Assignment: Beginning with the line below that contains "Contents Allelochemicals interactions" and ending with the line that contains "Golpistas estão abordando", copy every line exactly. Copy nothing else.

Material for this task:
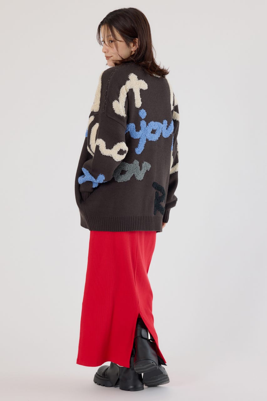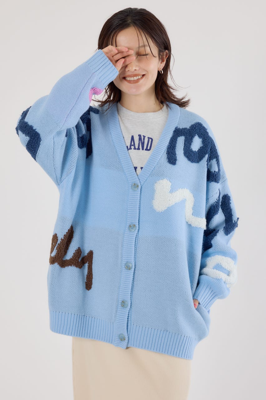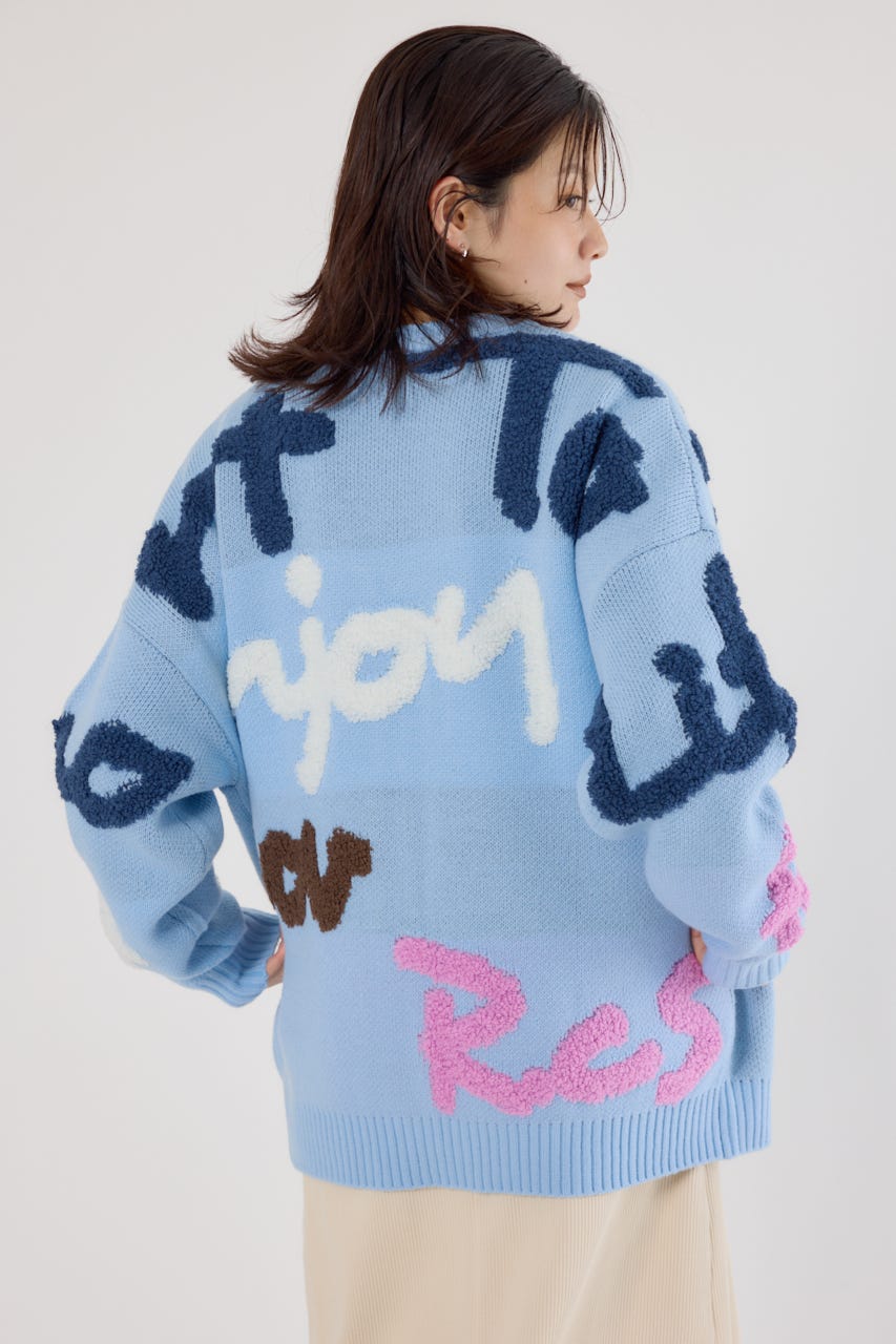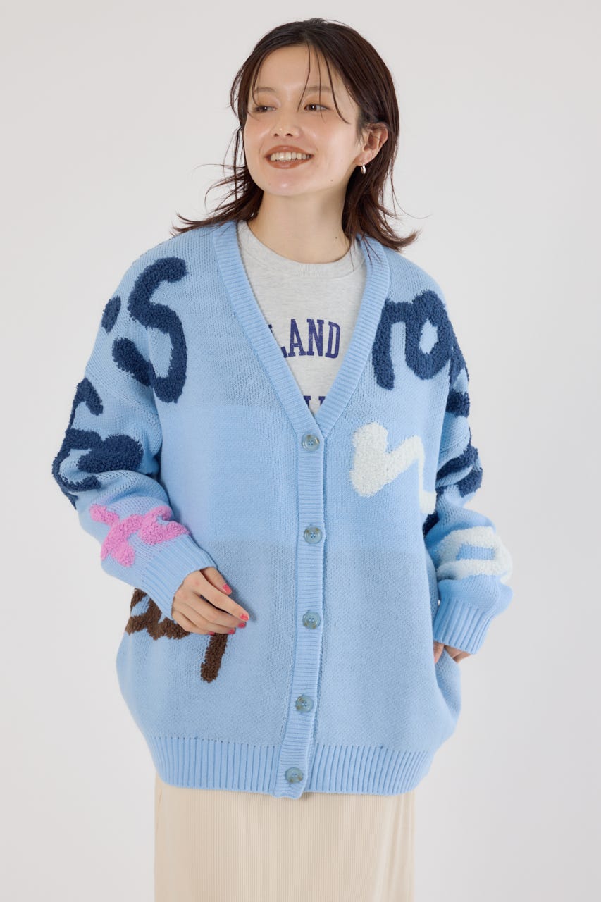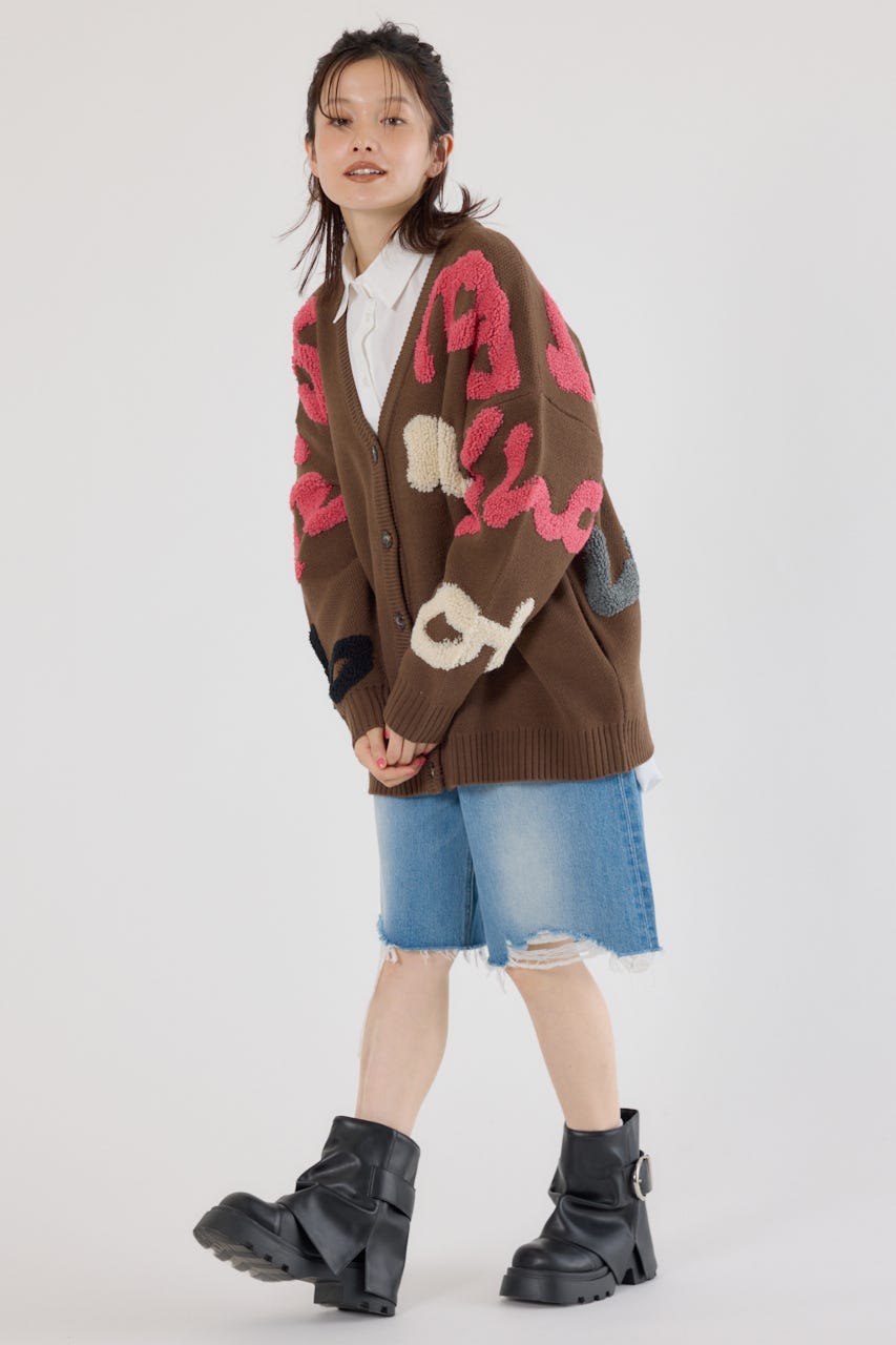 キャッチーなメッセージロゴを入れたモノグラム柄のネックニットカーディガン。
...
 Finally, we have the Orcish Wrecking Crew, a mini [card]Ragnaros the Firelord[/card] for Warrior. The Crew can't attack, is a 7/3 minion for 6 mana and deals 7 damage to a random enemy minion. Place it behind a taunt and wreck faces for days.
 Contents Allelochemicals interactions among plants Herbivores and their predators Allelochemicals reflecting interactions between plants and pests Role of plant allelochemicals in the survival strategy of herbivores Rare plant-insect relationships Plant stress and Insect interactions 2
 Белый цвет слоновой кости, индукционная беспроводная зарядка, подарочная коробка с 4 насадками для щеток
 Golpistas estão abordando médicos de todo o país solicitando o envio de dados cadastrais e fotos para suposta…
...
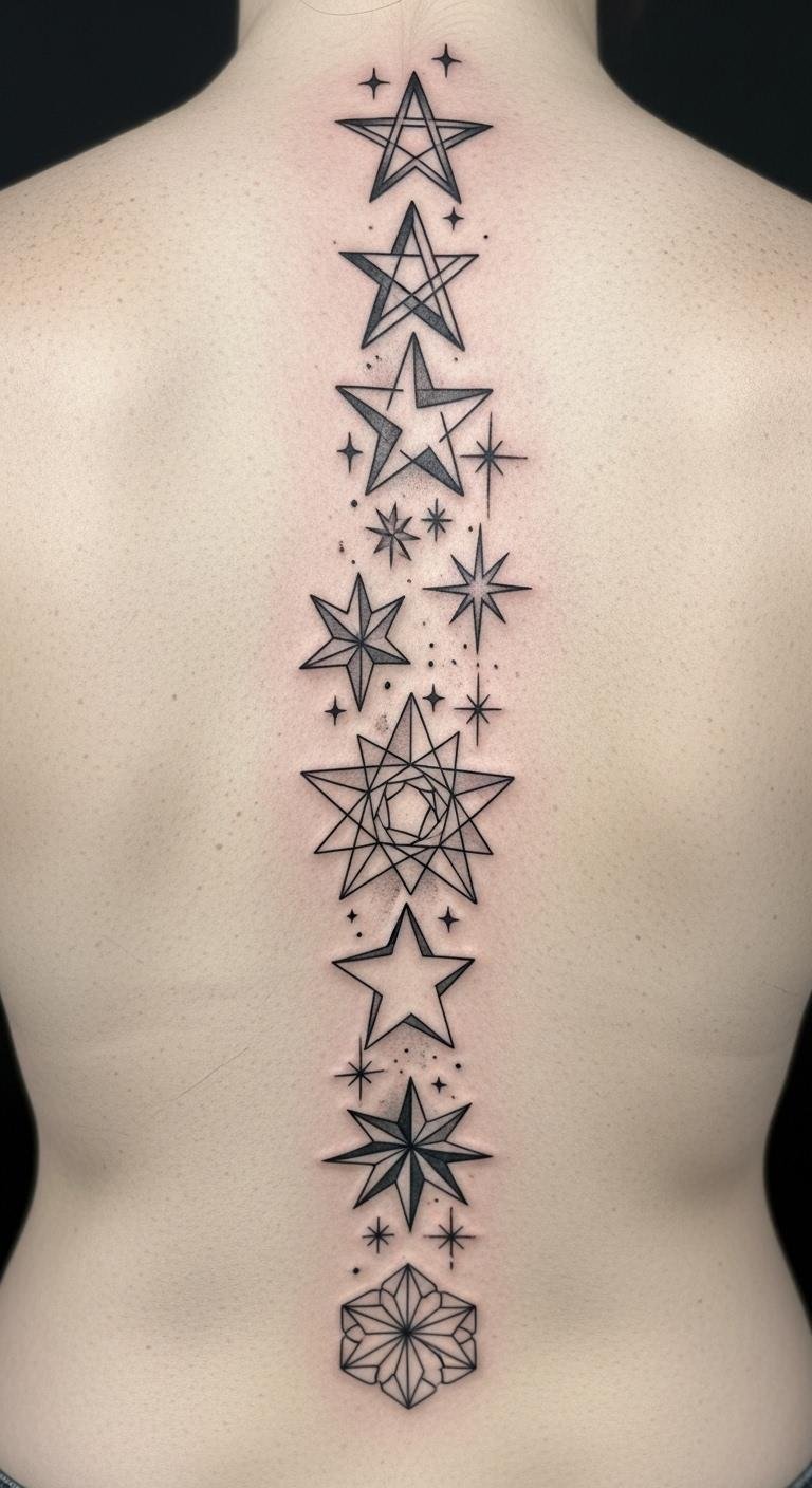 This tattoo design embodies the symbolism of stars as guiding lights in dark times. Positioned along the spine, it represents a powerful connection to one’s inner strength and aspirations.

Exercise answer:
 Contents Allelochemicals interactions among plants Herbivores and their predators Allelochemicals reflecting interactions between plants and pests Role of plant allelochemicals in the survival strategy of herbivores Rare plant-insect relationships Plant stress and Insect interactions 2
 Белый цвет слоновой кости, индукционная беспроводная зарядка, подарочная коробка с 4 насадками для щеток
 Golpistas estão abordando médicos de todo o país solicitando o envio de dados cadastrais e fotos para suposta…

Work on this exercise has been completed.